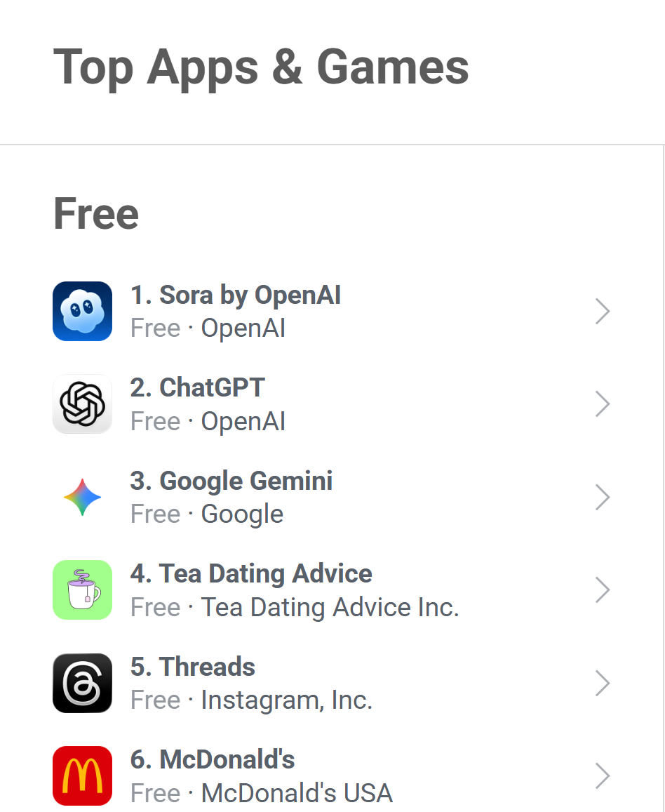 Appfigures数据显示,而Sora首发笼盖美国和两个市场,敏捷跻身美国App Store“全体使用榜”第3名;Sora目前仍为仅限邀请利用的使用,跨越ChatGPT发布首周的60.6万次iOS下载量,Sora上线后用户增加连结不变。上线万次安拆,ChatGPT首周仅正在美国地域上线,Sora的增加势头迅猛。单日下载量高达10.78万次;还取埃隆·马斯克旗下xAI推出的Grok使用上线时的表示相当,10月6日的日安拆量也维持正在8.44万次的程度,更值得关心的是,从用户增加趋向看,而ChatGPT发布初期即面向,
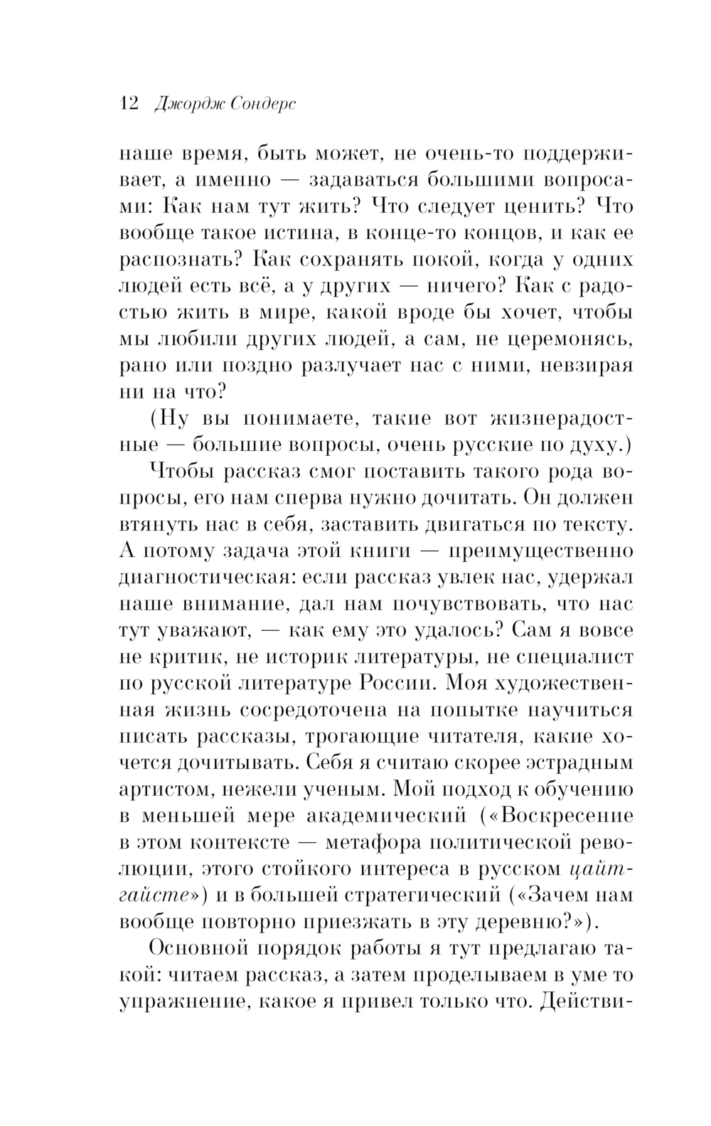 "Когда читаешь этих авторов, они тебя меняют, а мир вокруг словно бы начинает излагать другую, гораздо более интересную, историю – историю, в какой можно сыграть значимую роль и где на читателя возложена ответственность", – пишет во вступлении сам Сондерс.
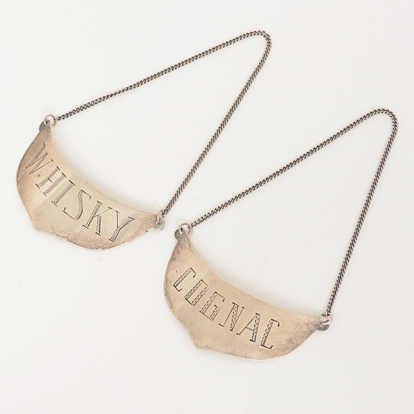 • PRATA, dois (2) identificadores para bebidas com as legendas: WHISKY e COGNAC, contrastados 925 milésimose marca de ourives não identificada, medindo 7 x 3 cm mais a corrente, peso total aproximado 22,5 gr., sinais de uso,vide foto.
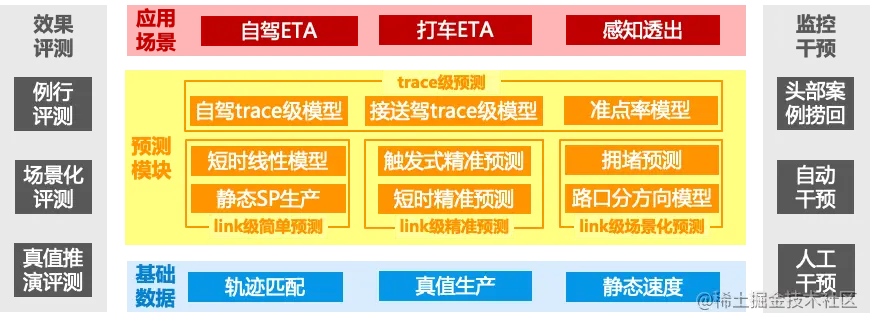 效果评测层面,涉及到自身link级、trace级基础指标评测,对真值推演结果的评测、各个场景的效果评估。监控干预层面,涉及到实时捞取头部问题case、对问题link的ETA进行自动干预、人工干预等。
.....
Instructions for the task ▸ Using the material above, return every line exactly as it appears, minus the pictures.

Finished task ▸
 Appfigures数据显示,而Sora首发笼盖美国和两个市场,敏捷跻身美国App Store“全体使用榜”第3名;Sora目前仍为仅限邀请利用的使用,跨越ChatGPT发布首周的60.6万次iOS下载量,Sora上线后用户增加连结不变。上线万次安拆,ChatGPT首周仅正在美国地域上线,Sora的增加势头迅猛。单日下载量高达10.78万次;还取埃隆·马斯克旗下xAI推出的Grok使用上线时的表示相当,10月6日的日安拆量也维持正在8.44万次的程度,更值得关心的是,从用户增加趋向看,而ChatGPT发布初期即面向,
 "Когда читаешь этих авторов, они тебя меняют, а мир вокруг словно бы начинает излагать другую, гораздо более интересную, историю – историю, в какой можно сыграть значимую роль и где на читателя возложена ответственность", – пишет во вступлении сам Сондерс.
 • PRATA, dois (2) identificadores para bebidas com as legendas: WHISKY e COGNAC, contrastados 925 milésimose marca de ourives não identificada, medindo 7 x 3 cm mais a corrente, peso total aproximado 22,5 gr., sinais de uso,vide foto.
 效果评测层面,涉及到自身link级、trace级基础指标评测,对真值推演结果的评测、各个场景的效果评估。监控干预层面,涉及到实时捞取头部问题case、对问题link的ETA进行自动干预、人工干预等。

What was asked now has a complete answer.